PETSc runs slower on a shared memory machine than on a cluster

On 2/3/07, Shi Jin <jinzishuai at> wrote:
> Thank you
> I rebuilt MPICH-2 with --with-device=ch3:shm and
> --with-pm=gforker
> I did see a slight improvement in speed. However,
> compared with the cluster runs, the shared-memory
> performance is still not as good at all.
> So I think the problem is indeed in the memory
> subsystem as Satith said.

Shi, can you provide me some more info about all this?

- What kind of problem are you solving?
- Are you using MATMPIAIJ or MATMPIBAIJ?
- What do you use to partition your problem (ParMetis)?
- How many processes do you have in your run (-np option) ?
- When you run in your cluster, you launc 1 process in each CPU of
your node? I mean, do you have 4 processes runing in each node?
- What kind of network do you have in your cluster? GiE? or something better?

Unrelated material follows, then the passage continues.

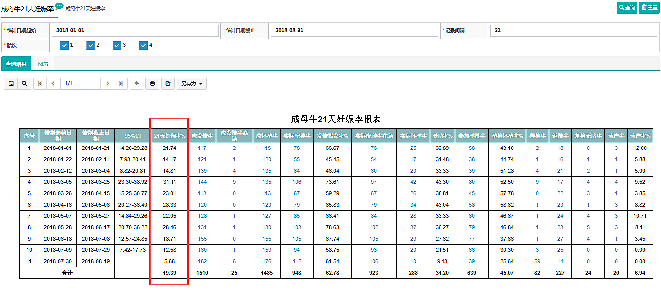 通過(guò)指標(biāo)數(shù)據(jù)對(duì)關(guān)鍵管理環(huán)節(jié)加以評(píng)估和監(jiān)控,并與企業(yè)標(biāo)準(zhǔn)和行業(yè)標(biāo)準(zhǔn)進(jìn)行對(duì)比,根據(jù)數(shù)據(jù)的差異可以幫助管理者及時(shí)發(fā)現(xiàn)問題,防微杜漸,以保證牧場(chǎng)的生產(chǎn)經(jīng)營(yíng)持續(xù)、穩(wěn)定、健康地發(fā)展,如21天妊娠率的指標(biāo)監(jiān)控。下圖是奶業(yè)之星?牧場(chǎng)管理信息系統(tǒng)對(duì)牧場(chǎng)21天妊娠率的監(jiān)控?cái)?shù)據(jù)。

I ask all this regarding previous comments of Barry and Shatish. If
you have 4 processes running on each node, them surely communicate
each other using the loopback interface, and this will have a
bandwidth similar to your memory bandwidth, so in your case not all
communication will go through the wires...

Sorry for my English,

Lisandro Dalcín
Centro Internacional de Métodos Computacionales en Ingeniería (CIMEC)
Instituto de Desarrollo Tecnológico para la Industria Química (INTEC)
Consejo Nacional de Investigaciones Científicas y Técnicas (CONICET)
PTLC - Güemes 3450, (3000) Santa Fe, Argentina
Tel/Fax: +54-(0)342-451.1594